His new approach to geometry came to be known as descriptive geometry. Monge describes his new geometry as “representing with exactitude, within drawings that have but two dimensions, objects that have three.” In particular, by showing the vertical and horizontal projections of an object on one piece of paper (the paper is divided in half horizontally with the vertical projection on the top and the horizontal projection on the bottom) geometric properties can be employed to determine various elements of the surface depicted such as angles of intersection and lengths.
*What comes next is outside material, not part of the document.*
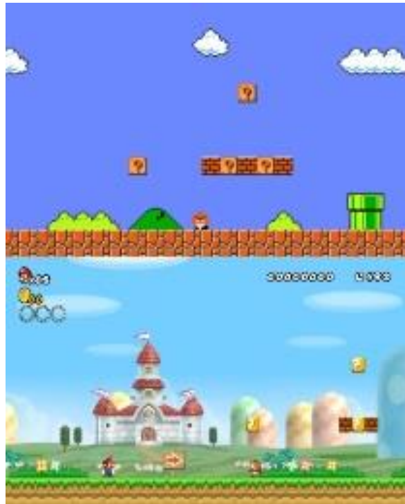
Figure 2 – Above: The first level from the original Super Mario Bros.

Mario Bros. series. The game's soundtrack integrates new, original compositions with remixed modern versions of classic tunes. The sound effects, like the soundtrack, also lean heavily on audio cues repurposed from prior Mario games. Mario's early 3D adventures are also given a nod through the incorporation of animation sequences and abilities from Super Mario 64 . By focusing on remediating and reconfiguring content, Nintendo appeals to nostalgic players and new players concurrently through a game which is both brand new and still immediately familiar for players.

All such properties of three-dimensional objects are essential for the accurate design and construction of various buildings, as well as other design objectives of engineering. The term descriptive geometry is still used for this method of representing the vertical and horizontal projections of an object. However, the modern term for the method is orthographic projection.

 Label on Jullien's Collection of Reliefs

France found this new geometry so important to fortification design that it was held as a state secret for several years. An example is the design of star forts. Star forts were invented in Italy in the fifteenth century and became common in Europe and the New World the following century. With the advent of larger cannons, fortifications needed to be more thoughtfully designed to withstand and deflect cannon fire. The broad bases and angled walls of star forts helped deflect cannon fire. The straight, angled walls allowed defenders to launch enfilade or flanking fire: firing crossways at the enemy from the points of the stars so the attackers have no safe place to fire from and keeps attackers further from the walls. Previously, forts often had rounded walls which allowed for “dead zones” where defenders could not fire upon the attackers. Beautiful images of star forts can be found online.

Monge went on to become a teacher at Mézières as well as a member of the Académie des Sciences. He further developed descriptive geometry, teaching it and publishing text books. The teaching of descriptive geometry quickly spread throughout France and ultimately at the United States Military Academy at West Point, founded in 1802. Other practitioners took up the mantel and published texts on descriptive geometry. One such teacher and text book writer was French mathematician A. Jullien.

Jullien, taught at the Lycee Sainte-Bartie in Paris. He wrote a descriptive geometry text book, Cours élémentaire de géométrie descriptive. The 3rd edition published in 1881 is available online through Google Books. The reliefs or models in the Smithsonian collection are teaching aids made by Jullien to supplement this textbook, just as modern mathematical text books come with online applications that show the geometry of the mathematics being discussed. Each of the thirty reliefs show a construction of descriptive geometry. The reliefs start with the most simple of geometric ideas and progress to more sophisticated constructions. The models held by the Smithsonian were produced in the mid-1870s, but after 1873. In that year a set of Jullien models won a certificate of merit at the Scientific Exposition in Vienna.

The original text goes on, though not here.